Does this happen all the time, or is it at a certain part of the day? The updatedb command can cause things to slow down as it runs in the background. Other than that, the first place I would start would be to run top with a very short refresh time and see what is using the most of your CPU time.

By the way, I run kubuntu on a 1.5GHz P4 with 2 gigs of memory and have no troubles what so ever. This includes having multiple systems up in VMWare workstation as well as amarok, firefox, kontact, terminals and a host of other things.
posted by chrisroberts at 8:16 AM on November 13, 2006


Response by poster: The CPU is not being used by anything... there is no load on the system (that is, top will report a load of 0.0 and CPU usage is low). Happens at any time of day.

This machine should be totally usable... I used a much worse computer for my desktop for years. And hell, I used a MUCH worse computer before this one for the same tasks with no problem.
posted by RustyBrooks at 8:29 AM on November 13, 2006


Is it swapping?

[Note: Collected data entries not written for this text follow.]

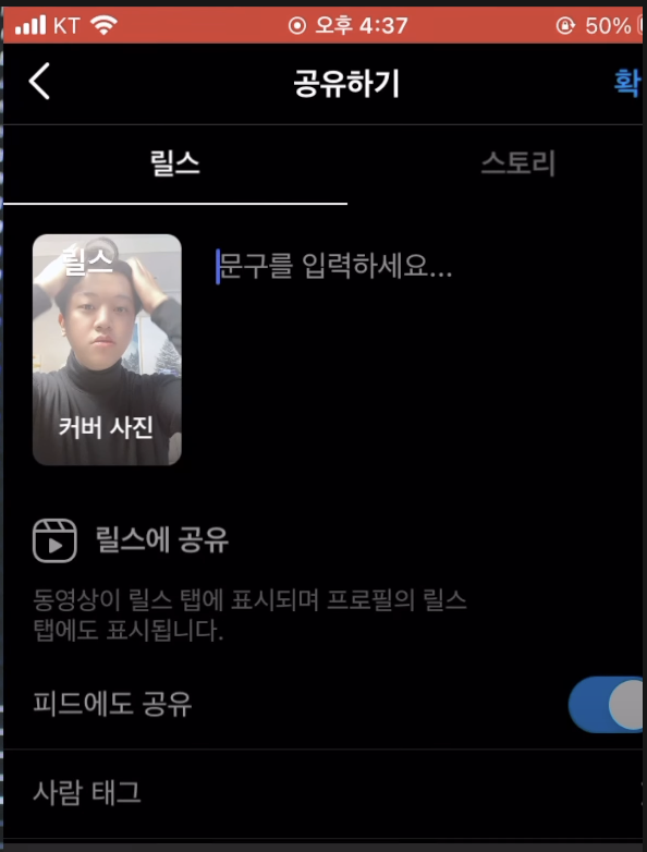 앨범에 저장된 몇 개의 짧은 동영상을 이어붙여 릴스를 만들어봅니다. 인스타그램 릴스에는 따로 제목은 없으며 본문 내용만 기입할 수 있도록 돼 있습니다. 여기에는 해시태그나 사람 태그 등 기존 인스타그램에서 쓸 수 있던 대부분의 기능들을 이용할 수 있습니다. 더불어 피드에도 공유할 수 있으며 인스타그램 릴스 탭에는 무조건 공유됩니다.
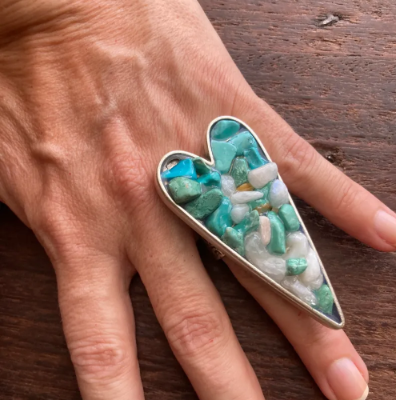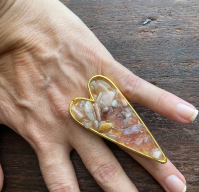 Large Heart of Stones Irregular Souls Hart's Rings. Choose from these limited edition adjustable rings. Plated on a copper/zinc base and filled with healing crystals to soothe that heart of stone. Fast shipping!
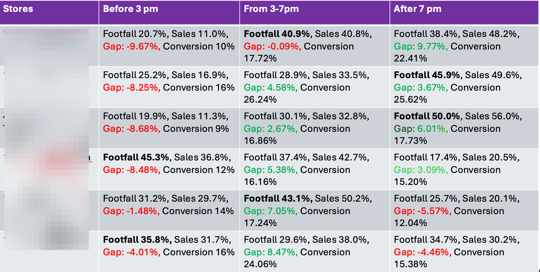 - Some stores showed very large negative gaps in the morning (e.g., >8–10 percentage points), while others over-performed in the same slot. These became natural internal benchmarks.
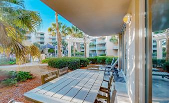 This beautiful ground floor unit has a wonderful view of Waterscape's tropical garden and oasis. The primary bedroom and living room open up to a large patio with outdoor seating. The condo's kitchen is well appointed with granite countertops, stainless steel appliances, and beautifully tiled floors. All dishes, cooking utensils, and bake ware are provided to complete and serve meals. This lovely home offers a twin bunk area, full bath with a stand-up shower, and a washer/dryer off of the kitchen. The open living room houses a queen sofa bed, TV, and DVD player. The primary bedroom features a king bed, private bath with stand up shower and garden tub, TV, DVD player, and walk-in closet. This condo offers wider door frames, shower bars, pedestal sinks, and lower countertops.
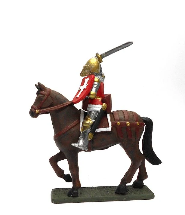 Cínový vojak v prevedení stredovekého anglického rytiera na koni, vyzbrojeného mečom a štítom.
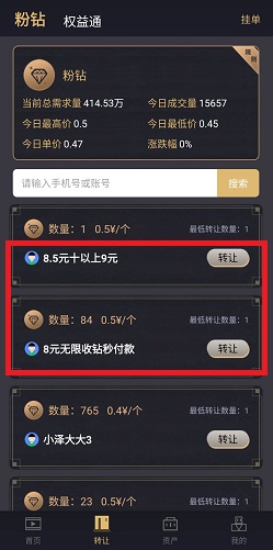 先点击“兑入”,把粉钻转到交易平台后,就可以和之前一样出售了!
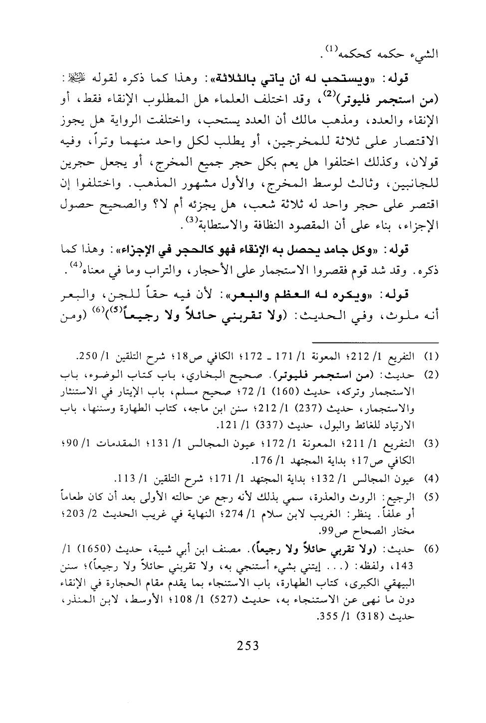 قوله: "ويستحب له أن يأتي بالثلاثة": وهذا كما ذكره لقوله -عليه السلام -: (من استجمر فليوتر)، وقد اختلف العلماء هل المطلوب الإنقاء فقط، أو الإنقاء والعدد، ومذهب مالك أن العدد يستحب، واختلفت الرواية هل يجوز الاقتصار على ثلاثة للمخرجين، أو يطلب لكل واحد منهما وترًا، وفيه قولان، وكذلك اختلفوا هل يعم بكل حجر جميع المخرج، أو يجعل حجرين للجانبين، وثالث لوسط المخرج، والأول مشهور المذهب. واختلفوا إن اقتصر على حجر واحد له ثلاثة شعب، هل يجزئه أم لا؟ والصحيح حصول الإجزاء، بناء على أن المقصود النظافة والاستطابة.
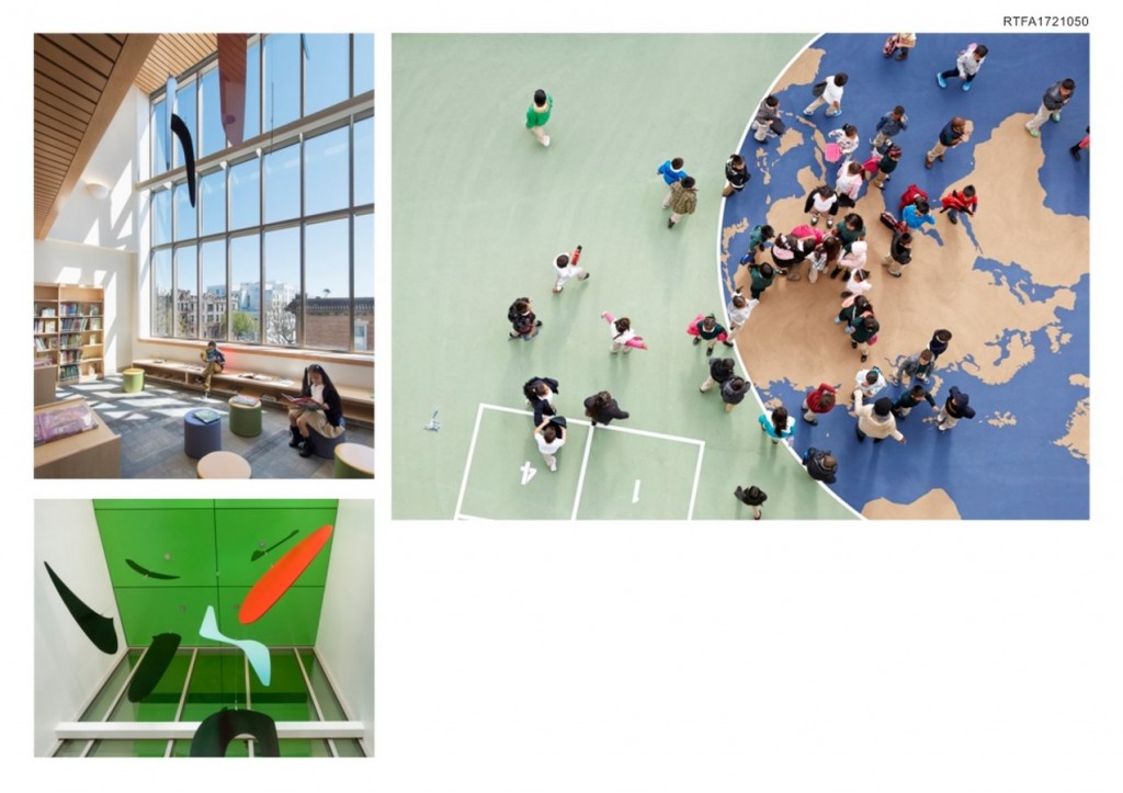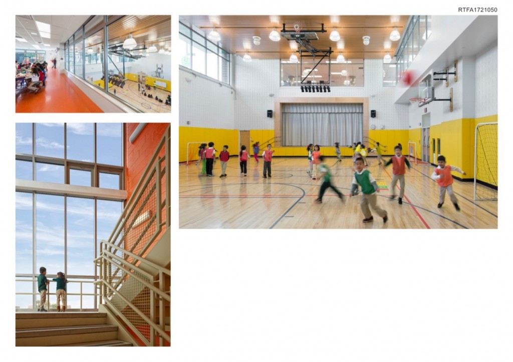 Design elements throughout the school respond to a child’s perspective and scale. Hallway and stairway areas combine with abundant transparent walls and exterior views to enable children to orient themselves intuitively, and color-coded floors simplify way-finding. Glass curtain walls at the corner stairways afford views of planes taking off from nearby LaGuardia Airport and the 1939 and 1964 World’s Fair grounds. The interiors contribute to an atmosphere of wellbeing with wood-slatted ceilings that evoke a sense of warmth, and color palettes with accents that indicate various programmatic functions.
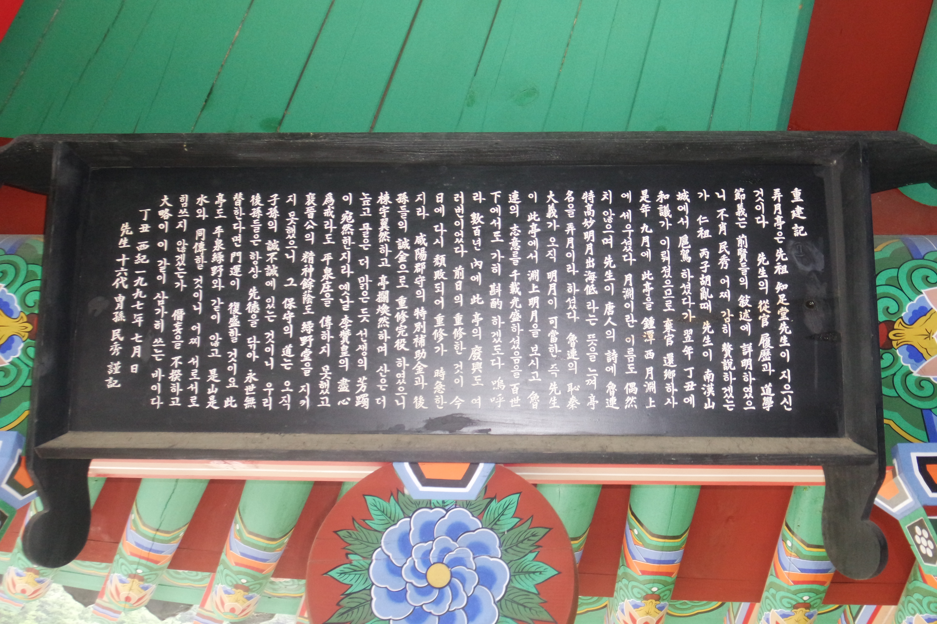 농월정 중건 성금록. 2003년 10월 방화로 추정되는 화재로 소실, 2015년에 함양군에서 새로 건립하였다.
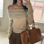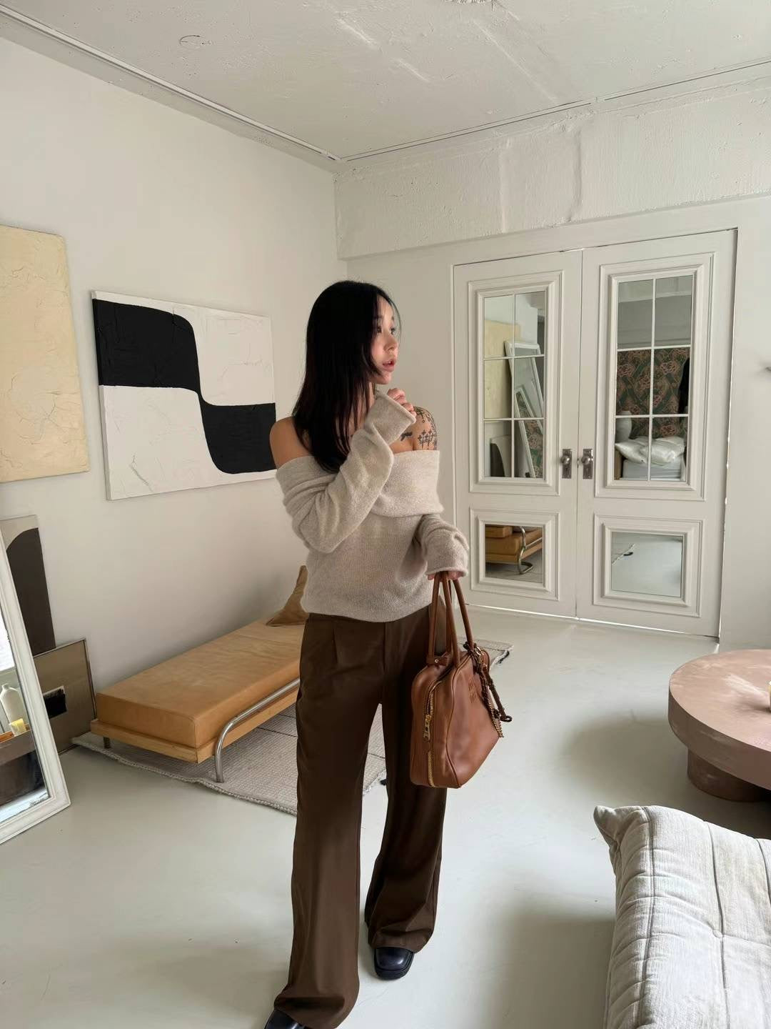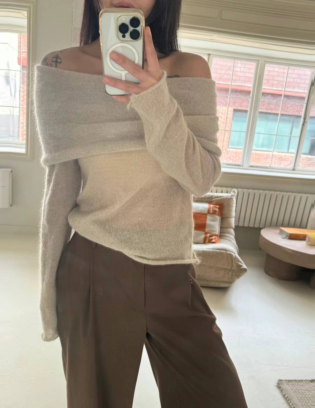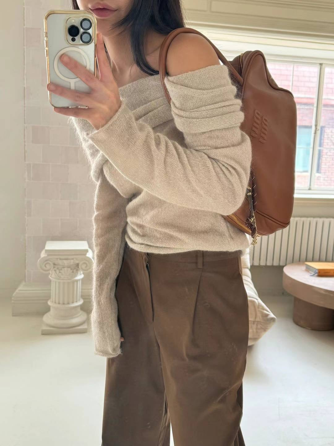 KOREAN COLLECTION 2501 纯色针织一字领上衣 浅咖

Check vmstat or top to see the swap usage.

Does this happen at the command line or just in X? If it happens in X, what video card/driver are you using?
posted by Xoder at 8:41 AM on November 13, 2006


Okay, I guess there are a couple things to look at. First, you complain that log in time can take up to 10 seconds. This may be okay, depending on what you have automatically starting when you log in. I would say it takes about that long for me to log in, as on log in Konversation, Kopete (and Kwallet), Amarok and an instance of Konqueror start up. I only log in once in awhile as my computers stay on most of the time, so I don't notice this much.

Second, application startup. You use vi as an example. Do you notice the first time you start vi that it takes some time to start, but after that it starts right up? This could just be an issue of caching. After the first startup, you aren't going directly to disk to start the application.

Third, the DVD playback. If your system isn't using much in terms of resources, and the playback is stuttering, this leads me to think that you aren't using the proper video driver and it can't keep up with the DVD. What kind of video card do you have? How is X configured?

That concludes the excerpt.